• _WORK TO COMPLETE_
Give the entries back exactly as they stand, but without pictures.

• _AVAILABLE RECORDS_
===

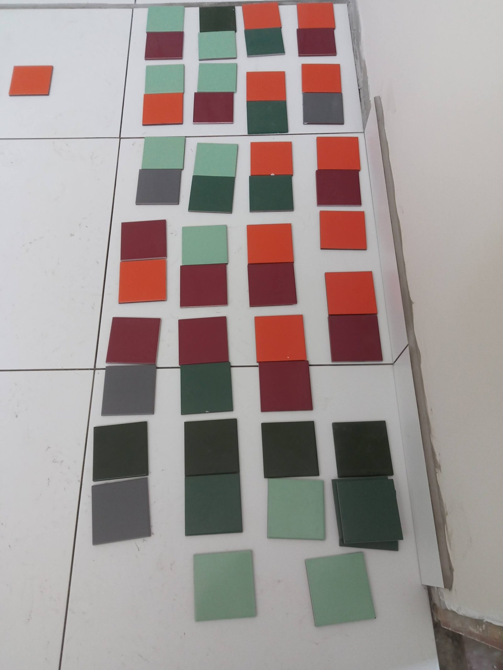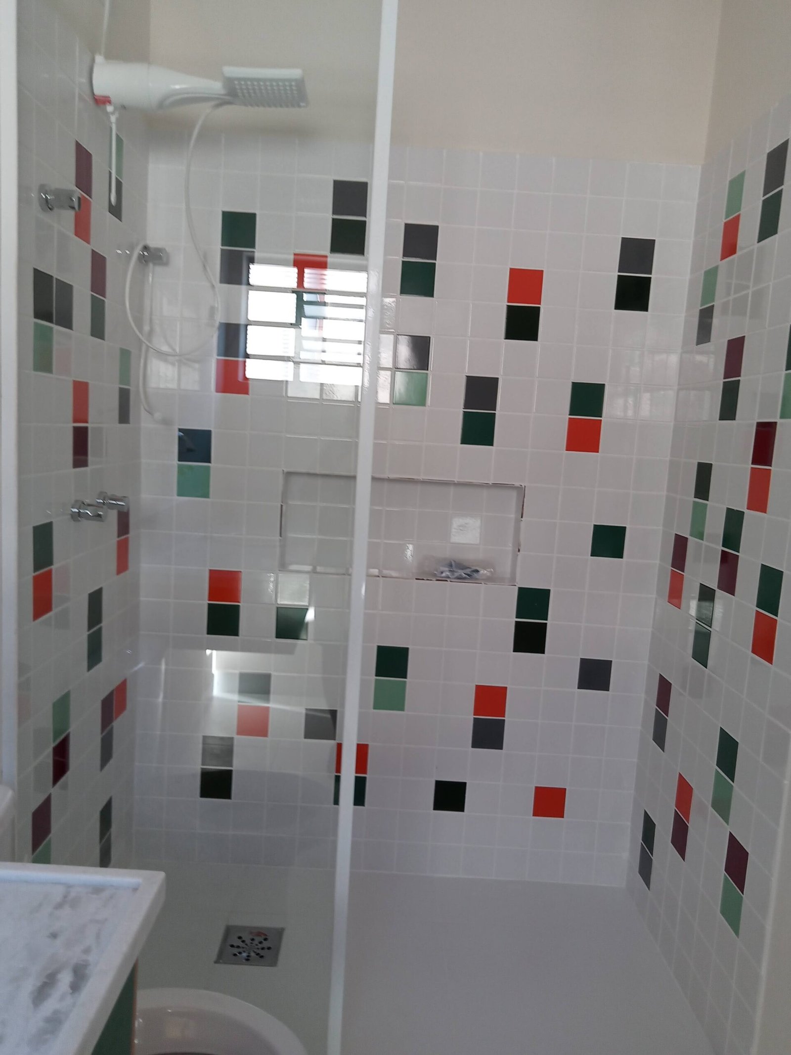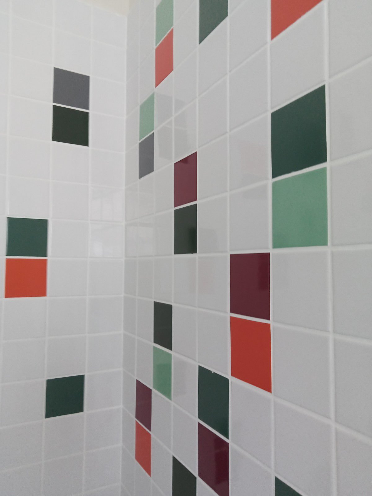 Essa paginação de azulejos brancos e coloridos, só foi possível por conta da escolha de um único padrão de azulejos, (10×10) permitindo essa composição cromática, sendo paredes totalmente brancas, e outras com composição de cores.
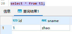 检索t1表的数据,插入了1条记录
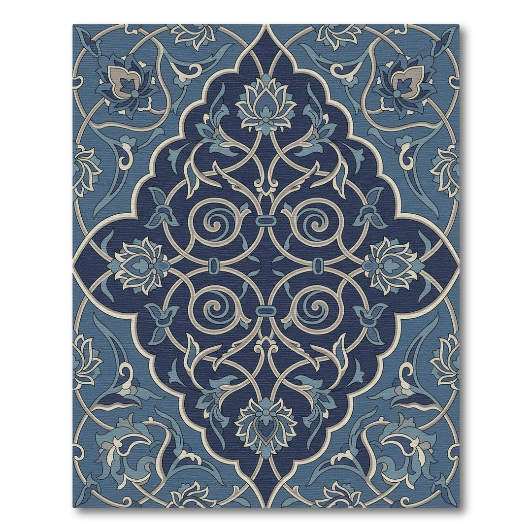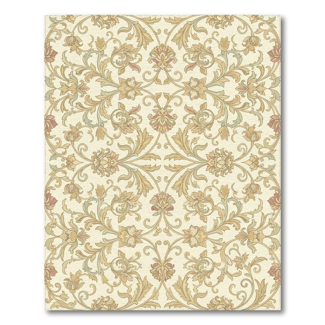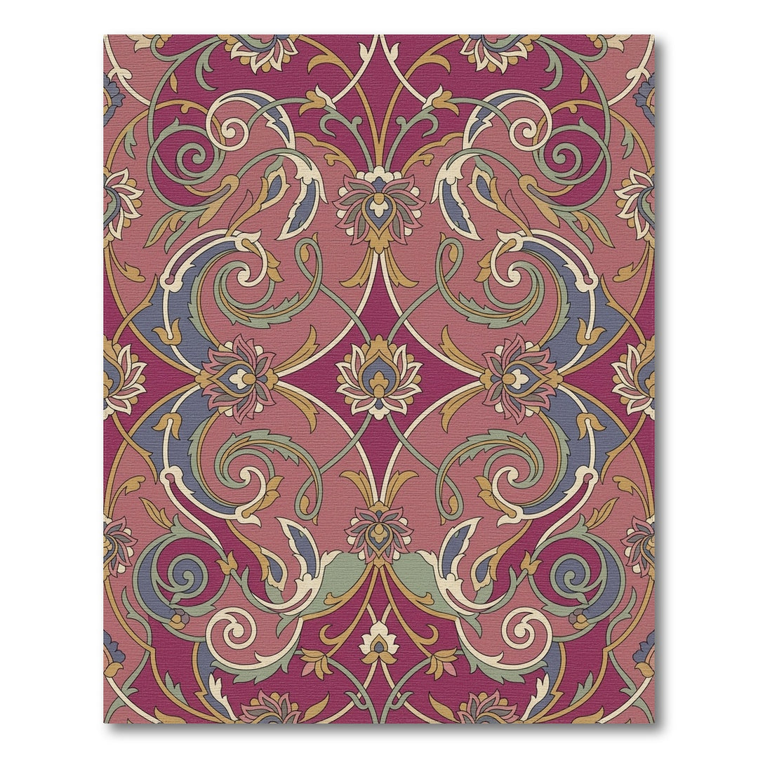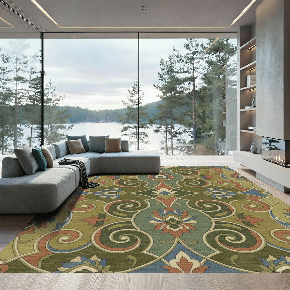 Pastel Floral Scrollwork With Lotus Bloom Rug
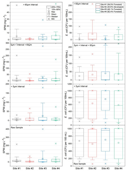 Box and whisker plots reflecting descriptive statistics of SPM (mg L−1) and E. coli concentration (CFU per 100 mL) are provided in Figure 3. In the >60 µm interval, Site #2 (40.6 % developed) had both the smallest SPM concentration range (0–2.5 mg L−1) and the largest E. coli concentration range (0–262 CFU per 100 mL). However, in the 5 to 60 µm particle size class, Site #4 (82.4% forested) had the largest SPM concentration range (0–171.5 mg L−1), whereas Site #3 (49.1% forested and 42.1% agriculture) had the largest E. coli concentration range (0–276 CFU per 100 mL). In the <5 µm interval, Site #3 had the highest SPM (0–181 mg L−1) and E. coli concentration values (0–1011 CFU per 100 mL), while Site #1 (54% forested) had the lowest SPM concentration range (0–30.5 mg L−1) and Site #4 (82.4% forested) generally had the lowest E. coli concentration values. The raw (unfiltered) samples had a similar distribution to the <5 µm interval, with Site #3 again featuring the highest SPM (0–402 mg L−1) and E. coli concentration values (0–1011 CFU per 100 mL). Similarly, Site #1 (54% forested) comprised the lowest SPM concentration range (0–216 mg L−1); however, Site #2 generally had the lowest E. coli concentration values (Figure 3).
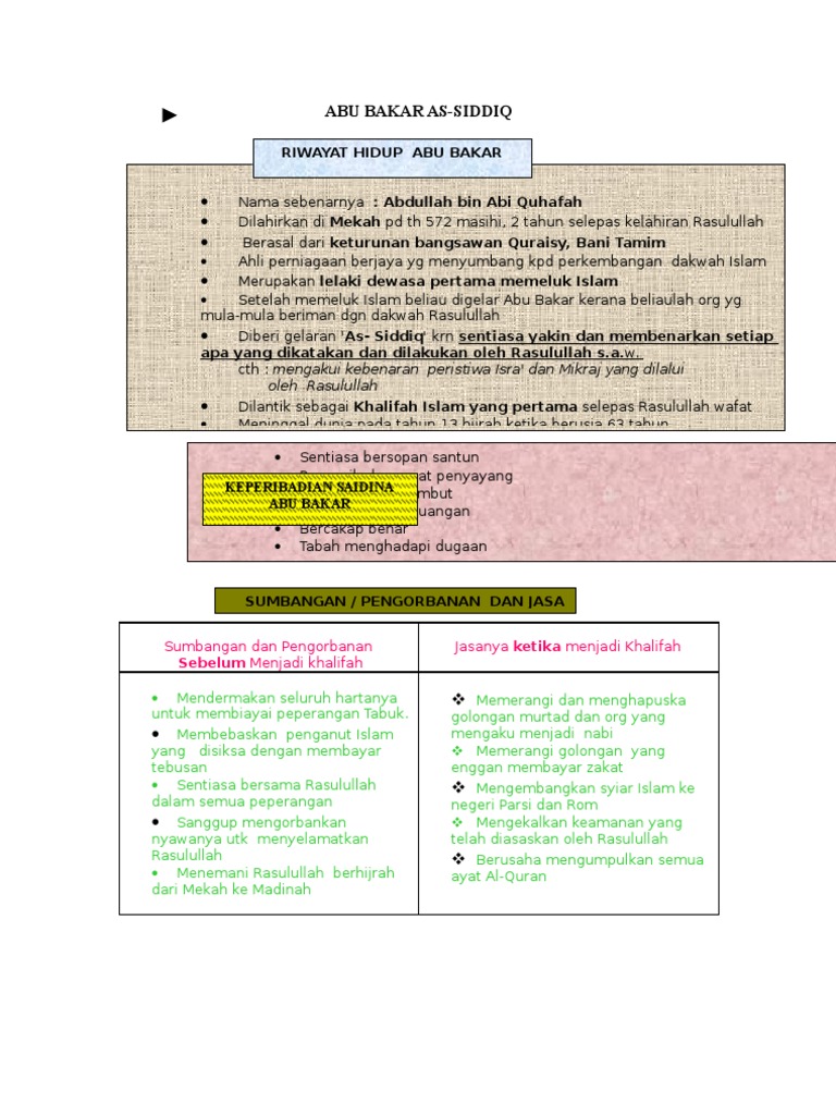 Sumbangan Abu Bakar As Siddiq - Bab 29 Abu Bakar As Siddiq R A Ppt Download / Menurut ahmad yaakob (2017), sumbangan khalifah abu bakar yang membantu dalam mendapatkan keamanan bagi umat islam adalah dengan menangani ancaman musuh seperti kerajaan byzantine (rom timur) di sebelah barat dan kerajaan parsi di timur.. Namun beliau selalu digelar abu bakar (daripada perkataan arab bakar yang bermaksud unta muda) kerana beliau amat gemar membiak unta. Masalah orang murtad yang mengambil kesempatan untuk menghancurkan keamanan dan perpaduan umat islam. More images for sumbangan abu bakar as siddiq » Hijrah rasulullah saw menuju destinasi baru, kota yathrib (madinah) melalui pelbagai cabaran termasuk dikejar dan diancam pihak musuh musyrikin makkah. Panggilan abu bakar ini sebenarnya gelaran bagi beliau, bukan nama sebenar beliau.
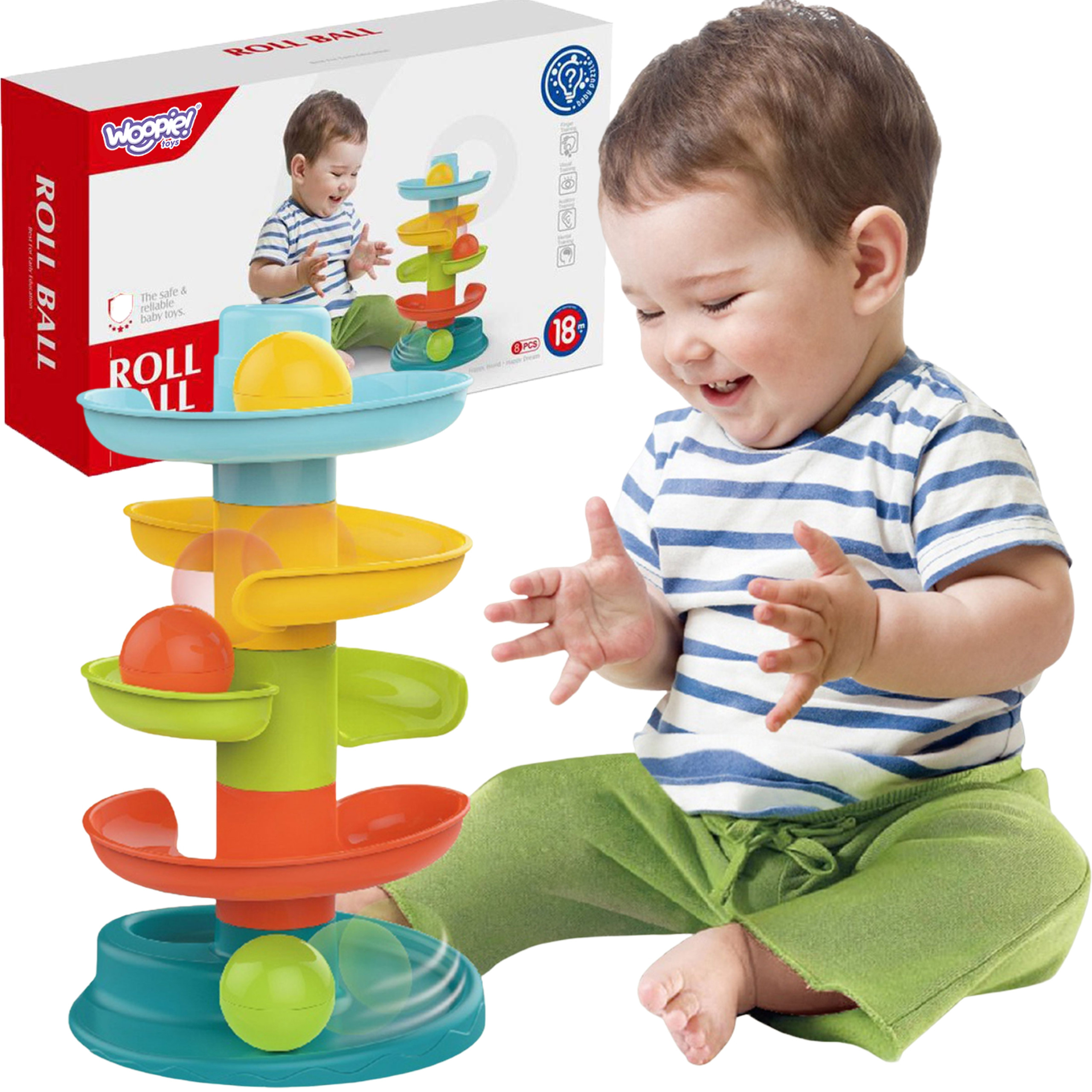 Tor Kulkowy Zestaw Spirala + 3 Kulki od marki Woopie Baby to zabawka, która łączy mnóstwo kolorowej zabawy z nauką i rozwojem! Kolorowa spiralna wieża daje maluchowi radość z obserwowania, jak kulki staczają się w dół, a przyjemne dźwięki dodatkowo angażują zmysły dziecka. Elementy łatwo się łączą, więc tata lub mama mogą wspólnie z maluchem budować tor i eksperymentować z układaniem. To świetna okazja, aby ćwiczyć koordynację wzrokowo ruchową, koncentrację oraz motorykę małych rączek! Idealny prezent zarówno dla chłopca, jak i dziewczynki od 6. miesiąca życia.
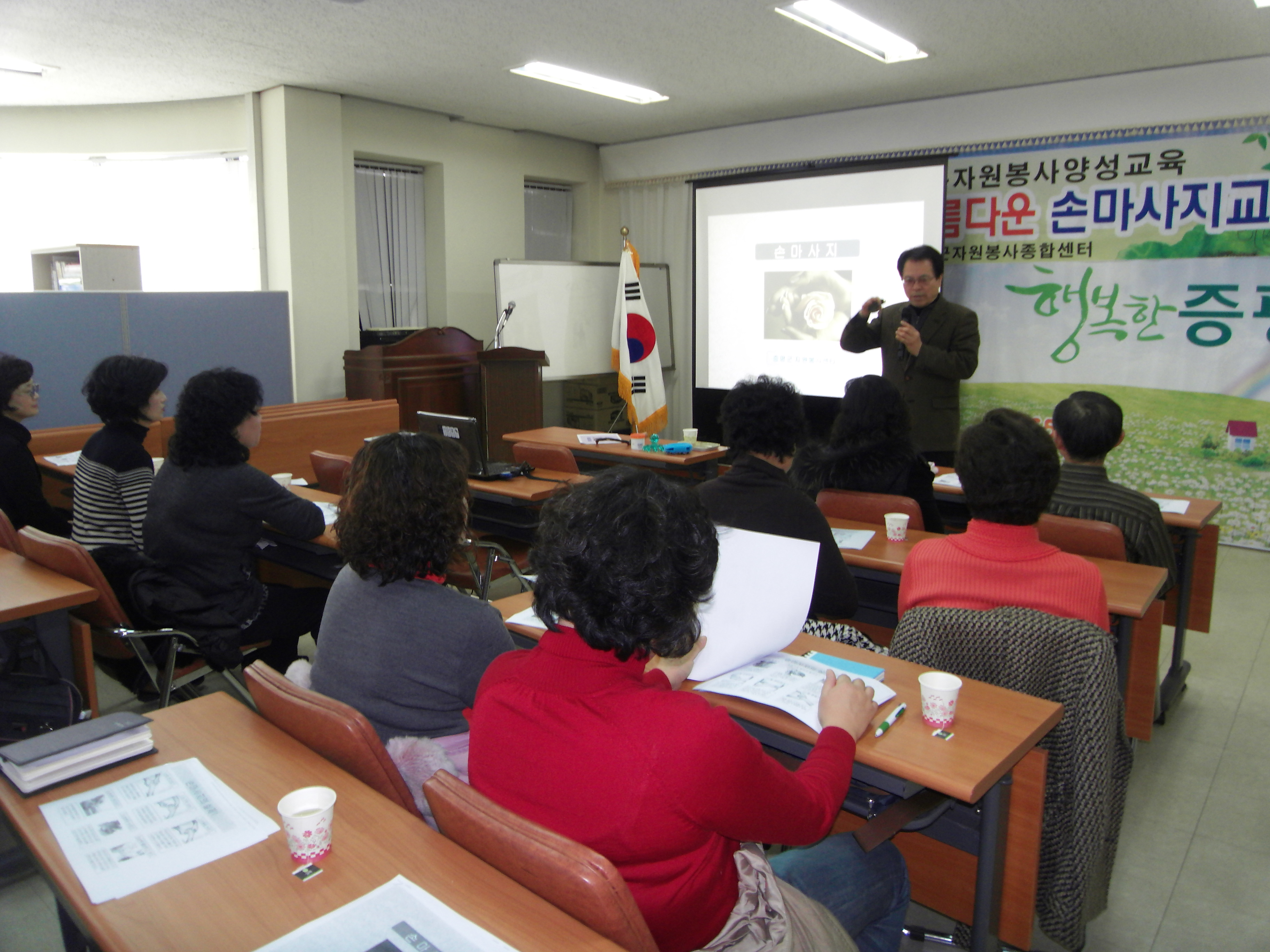 증평군자원봉사종합센터(센터장 신재영)에서는 지난 2월 28일부터 29일까지 자원봉사종합센터 교육장에서 ‘2012 전문자원봉사 손마사지 교육’을 실시했다.[보도자료실 참조]

===

• _PROBLEM SOLUTION_
 Essa paginação de azulejos brancos e coloridos, só foi possível por conta da escolha de um único padrão de azulejos, (10×10) permitindo essa composição cromática, sendo paredes totalmente brancas, e outras com composição de cores.
 检索t1表的数据,插入了1条记录
 Pastel Floral Scrollwork With Lotus Bloom Rug
 Box and whisker plots reflecting descriptive statistics of SPM (mg L−1) and E. coli concentration (CFU per 100 mL) are provided in Figure 3. In the >60 µm interval, Site #2 (40.6 % developed) had both the smallest SPM concentration range (0–2.5 mg L−1) and the largest E. coli concentration range (0–262 CFU per 100 mL). However, in the 5 to 60 µm particle size class, Site #4 (82.4% forested) had the largest SPM concentration range (0–171.5 mg L−1), whereas Site #3 (49.1% forested and 42.1% agriculture) had the largest E. coli concentration range (0–276 CFU per 100 mL). In the <5 µm interval, Site #3 had the highest SPM (0–181 mg L−1) and E. coli concentration values (0–1011 CFU per 100 mL), while Site #1 (54% forested) had the lowest SPM concentration range (0–30.5 mg L−1) and Site #4 (82.4% forested) generally had the lowest E. coli concentration values. The raw (unfiltered) samples had a similar distribution to the <5 µm interval, with Site #3 again featuring the highest SPM (0–402 mg L−1) and E. coli concentration values (0–1011 CFU per 100 mL). Similarly, Site #1 (54% forested) comprised the lowest SPM concentration range (0–216 mg L−1); however, Site #2 generally had the lowest E. coli concentration values (Figure 3).
 Sumbangan Abu Bakar As Siddiq - Bab 29 Abu Bakar As Siddiq R A Ppt Download / Menurut ahmad yaakob (2017), sumbangan khalifah abu bakar yang membantu dalam mendapatkan keamanan bagi umat islam adalah dengan menangani ancaman musuh seperti kerajaan byzantine (rom timur) di sebelah barat dan kerajaan parsi di timur.. Namun beliau selalu digelar abu bakar (daripada perkataan arab bakar yang bermaksud unta muda) kerana beliau amat gemar membiak unta. Masalah orang murtad yang mengambil kesempatan untuk menghancurkan keamanan dan perpaduan umat islam. More images for sumbangan abu bakar as siddiq » Hijrah rasulullah saw menuju destinasi baru, kota yathrib (madinah) melalui pelbagai cabaran termasuk dikejar dan diancam pihak musuh musyrikin makkah. Panggilan abu bakar ini sebenarnya gelaran bagi beliau, bukan nama sebenar beliau.
 Tor Kulkowy Zestaw Spirala + 3 Kulki od marki Woopie Baby to zabawka, która łączy mnóstwo kolorowej zabawy z nauką i rozwojem! Kolorowa spiralna wieża daje maluchowi radość z obserwowania, jak kulki staczają się w dół, a przyjemne dźwięki dodatkowo angażują zmysły dziecka. Elementy łatwo się łączą, więc tata lub mama mogą wspólnie z maluchem budować tor i eksperymentować z układaniem. To świetna okazja, aby ćwiczyć koordynację wzrokowo ruchową, koncentrację oraz motorykę małych rączek! Idealny prezent zarówno dla chłopca, jak i dziewczynki od 6. miesiąca życia.
 증평군자원봉사종합센터(센터장 신재영)에서는 지난 2월 28일부터 29일까지 자원봉사종합센터 교육장에서 ‘2012 전문자원봉사 손마사지 교육’을 실시했다.[보도자료실 참조]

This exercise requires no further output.